What this task involves:
Copy task. Retype the whole listing exactly, omitting any picture in it.

Collected data:
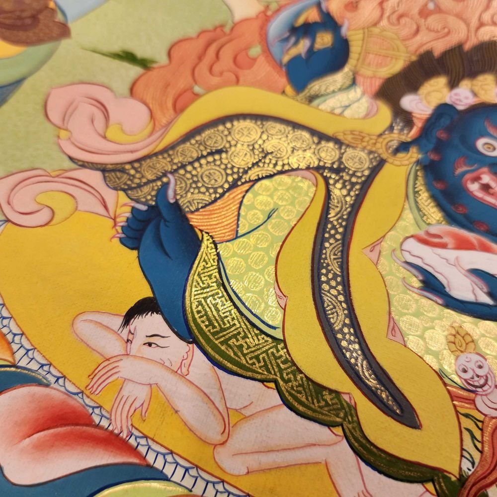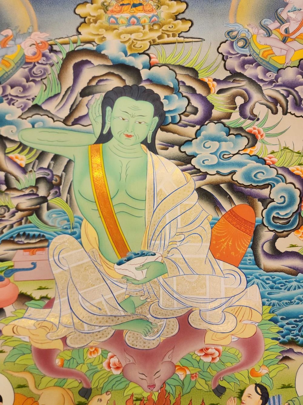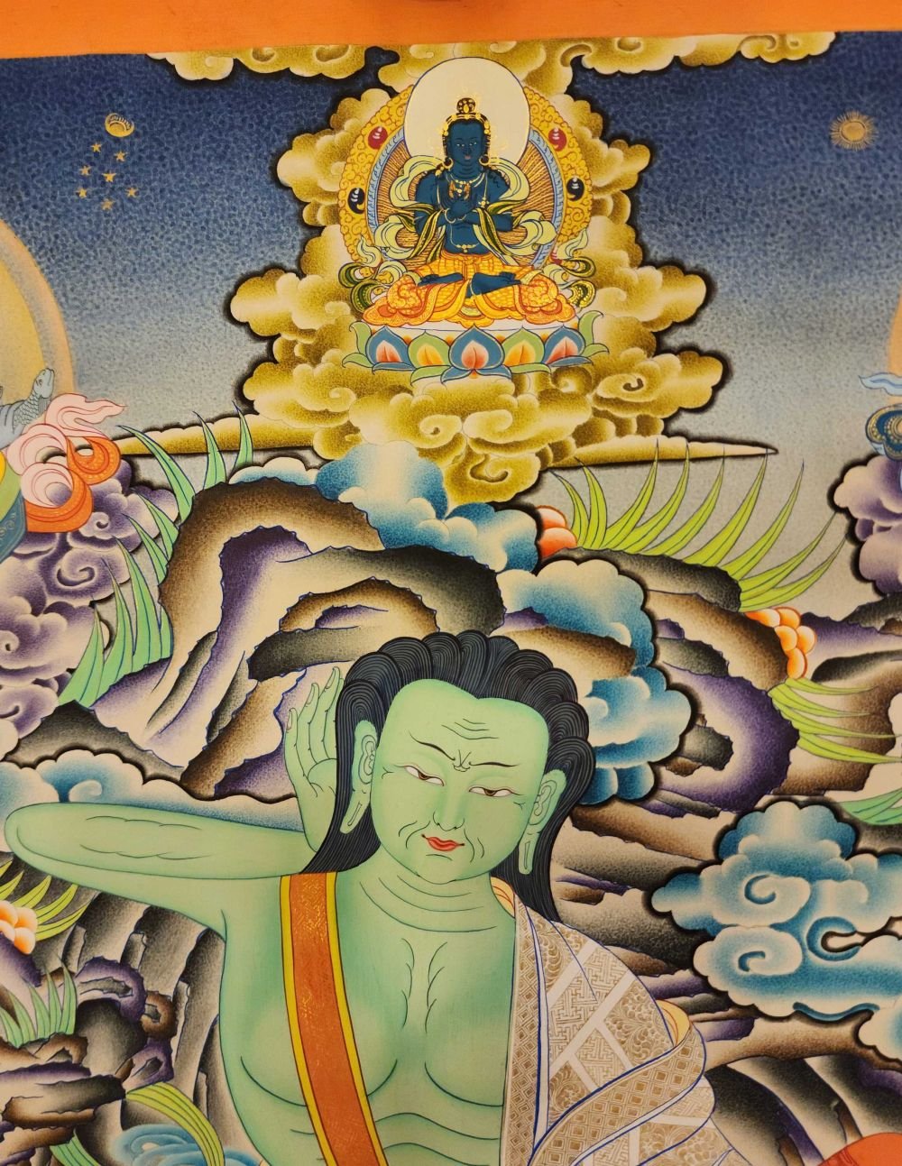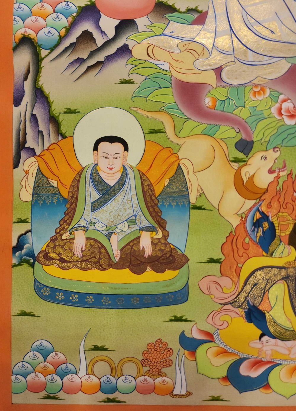 This thangka of Milarepa has real gold painted on its surface along with other paints. This is an ancient process of decorating the thangka in Tibetan Buddhism, Here gold is ground into gold dust, which is then mixed with other undisclosed material to make it paintable on the canvas. this mixture is then mixed with transparent glue and painted on the thangka. Read More
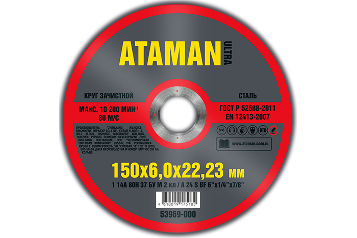 Круг зачистной ATAMAN 150х6,0х22мм (МЕТАЛЛ) 1 14A 10/20
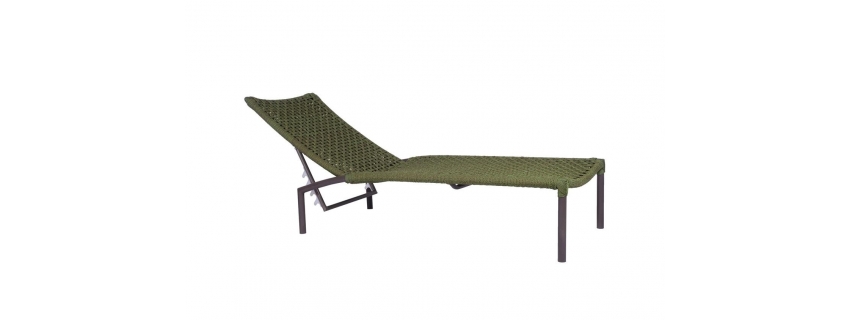 Estofado com sistema air flow com percintas plásticas de polietileno e revestimento interno de couro sintético. Tecidos resistentes a intempéries. Produto indicado para área externa.
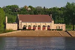 The Harriet Island Pavilion, also known as the Clarence W. Wigington Pavilion, is a park pavilion on Harriet Island just across the Mississippi River from downtown Saint Paul, Minnesota, United States. It was designed by Clarence W. Wigington, the nation's first black municipal architect, and renamed for Wigington after a 2000 restoration.[2] Harriet island was named for Harriet Bishop, a Baptist school teacher from Vermont.[3] She arrived in Saint Paul in 1847, was involved in the temperance movement, and opened the first school in the frontier city, teaching children of diverse ethnic, racial, and religious backgrounds.[4][5][6]

Output:
 This thangka of Milarepa has real gold painted on its surface along with other paints. This is an ancient process of decorating the thangka in Tibetan Buddhism, Here gold is ground into gold dust, which is then mixed with other undisclosed material to make it paintable on the canvas. this mixture is then mixed with transparent glue and painted on the thangka. Read More
 Круг зачистной ATAMAN 150х6,0х22мм (МЕТАЛЛ) 1 14A 10/20
 Estofado com sistema air flow com percintas plásticas de polietileno e revestimento interno de couro sintético. Tecidos resistentes a intempéries. Produto indicado para área externa.
 The Harriet Island Pavilion, also known as the Clarence W. Wigington Pavilion, is a park pavilion on Harriet Island just across the Mississippi River from downtown Saint Paul, Minnesota, United States. It was designed by Clarence W. Wigington, the nation's first black municipal architect, and renamed for Wigington after a 2000 restoration.[2] Harriet island was named for Harriet Bishop, a Baptist school teacher from Vermont.[3] She arrived in Saint Paul in 1847, was involved in the temperance movement, and opened the first school in the frontier city, teaching children of diverse ethnic, racial, and religious backgrounds.[4][5][6]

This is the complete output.